• [Exercise objective] Go through the entries and say how many lines contain the string "февраля". The number is the whole answer.

_ _ _

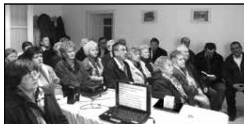
A buji református gyülekezettel közös, böjt előtti bűnbánati alkalom.
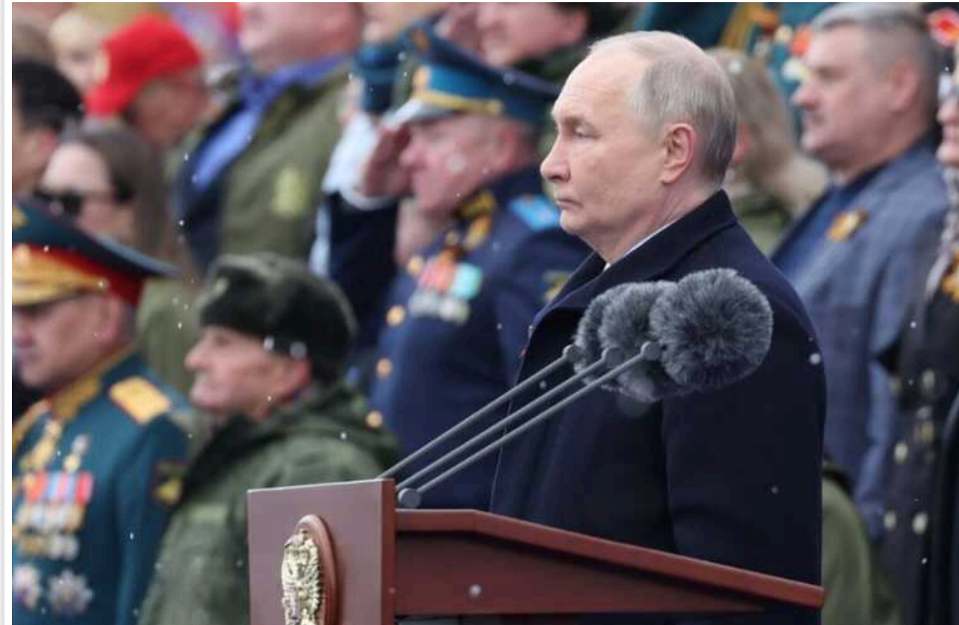
WSJ: Путін тепер використовує парад Перемоги, щоб залякувати Захід та виправдовувати війну проти України

Щорічний парад Перемоги на 9 травня тепер став трибуною для Володимира Путіна, щоб озвучити свою політичну програму, залякувати та критикувати Захід, а також виправдовувати вторгнення в Україну.
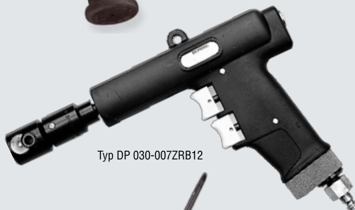
Typ DP 030-007ZRB12
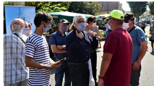
on discute, on propose
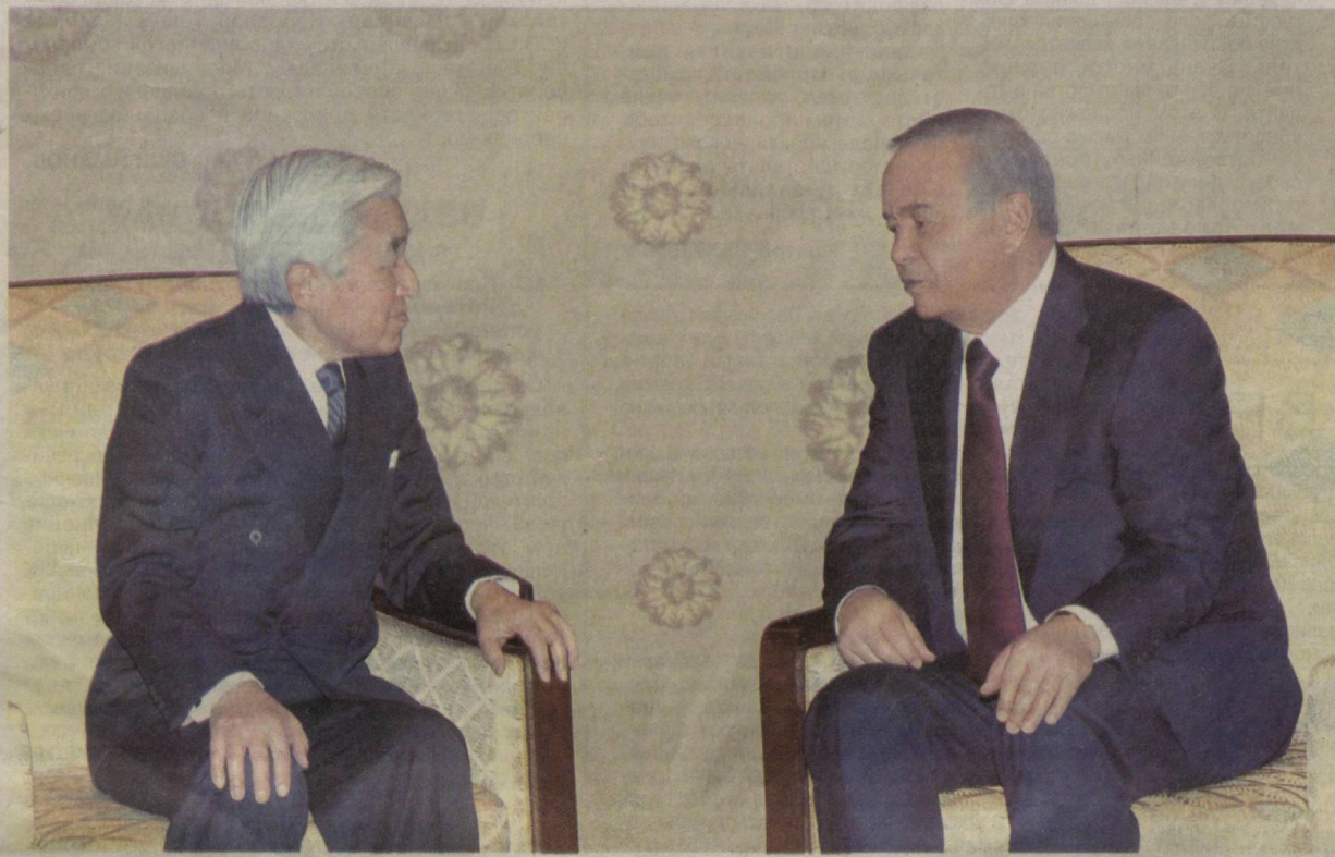
ТОКИО, 9 февраля. Передаст специальный корреспондент УзА Олим ТУРАКУЛОВ.

Как сообщалось ранее, Президент Республики Узбекистан Ислам Каримов по приглашению Премьер-министра Японии Наото Кана 8 февраля прибыл с официальным визитом в Токио. 9 февраля состоялись встречи руководителя Узбекистана с Императором Японии Акихито, Премьер-министром страны Наото Каном, министром иностранных дел Сейдзи Маехарой.

_ _ _

• [Answer to this problem] 2